Compute the eigenvalues and eigenvectors of the matrix A. You’ll need to show your work. You’ll need to write out the characteristic polynomial and show your solution.

\(A = \begin{bmatrix} 1 & 2 & 3 \\ 0 & 4 & 5 \\ 0 & 0 & 6 \end{bmatrix}\)

Solution :

A <- matrix(c(1, 2, 3, 0, 4, 5, 0, 0, 6), nrow = 3, byrow = TRUE)
print(A)
##      [,1] [,2] [,3]
## [1,]    1    2    3
## [2,]    0    4    5
## [3,]    0    0    6

Since A is a triangular matrix, its eigenvalues are values on the diagonal, so

\(λ1 = 1\), \(λ2 = 4\), and λ3 = 6

Double-check eigenvalues in R

eigen(A)$values
## [1] 6 4 1

The characteristic polynomial is \(p_A(\lambda) = (1 - \lambda)(4 - \lambda)(6 - \lambda)\) or

\(p_A(\lambda) = 24 - 34\lambda + 11\lambda^2 - \lambda^3\).

If \(\lambda = 1\), then \(A - \lambda I_3\) is row-reduced to:

rref(A - 1 * diag(3))
##      [,1] [,2] [,3]
## [1,]    0    1    0
## [2,]    0    0    1
## [3,]    0    0    0

\[ \begin{pmatrix} 0 & 1 & 0 \\ 0 & 0 & 1 \\ 0 & 0 & 0 \\ \end{pmatrix} \]

This gives us the *eigenspace8 \(E_{\lambda=1} = \langle \begin{pmatrix} 1 \\ 0 \\ 0 \end{pmatrix} \rangle\).

If \(\lambda = 4\), then \(A - \lambda I_3\) is row-reduced to:

rref(A - 4 * diag(3))
##      [,1]       [,2] [,3]
## [1,]    1 -0.6666667    0
## [2,]    0  0.0000000    1
## [3,]    0  0.0000000    0

\[ \begin{pmatrix} 1 & -0.6666667 & 0 \\ 0 & 0 & 1 \\ 0 & 0 & 0 \\ \end{pmatrix} \]

This gives us the eigenspace \(E_{\lambda=4} = \langle \begin{pmatrix} 1 \\ 1.5 \\ 0 \end{pmatrix} \rangle\).

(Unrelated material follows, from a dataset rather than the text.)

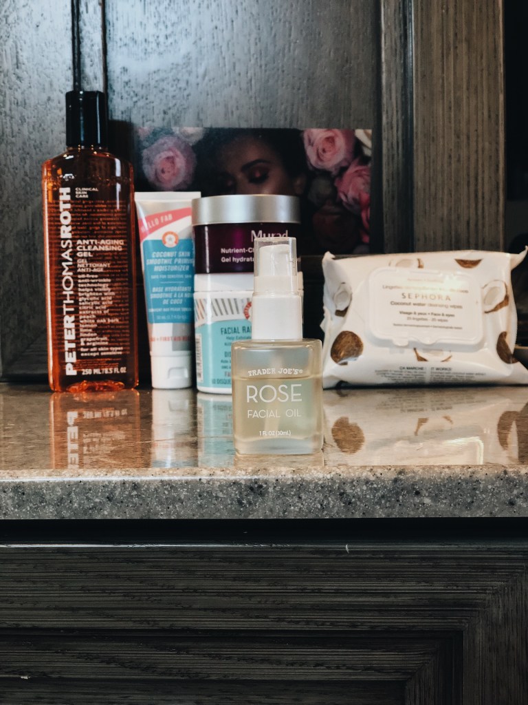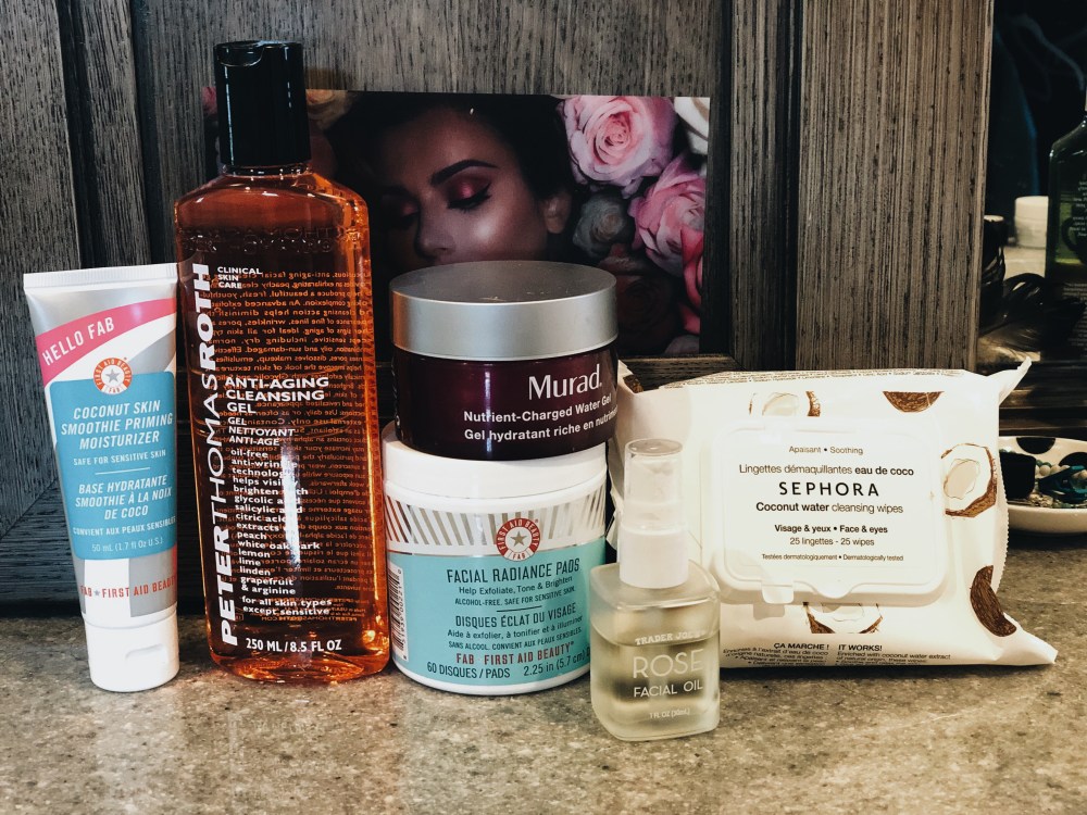 The stuff that I already used and loved are the Trader Joe’s Rose Facial Oil, the FAB Coconut Moisturizer, and the Sephora Coconut Cleansing wipes. I recently added the Murad moisturizer and the two newest additions are the FAB Facial Radiance Pads and the PTR Cleansing gel.

If \(\lambda = 6\), then \(A - \lambda I_3\) is row-reduced to:

rref(A - 6 * diag(3))
##      [,1] [,2] [,3]
## [1,]    1    0 -1.6
## [2,]    0    1 -2.5
## [3,]    0    0  0.0

\[ \begin{pmatrix} 1 & 0 & -1.6 \\ 0 & 1 & -2.5 \\ 0 & 0 & 0 \\ \end{pmatrix} \]

This gives us the eigenspace \(E_{\lambda=6} = \langle \begin{pmatrix} 1.6 \\ 2.5 \\ 1 \end{pmatrix} \rangle\).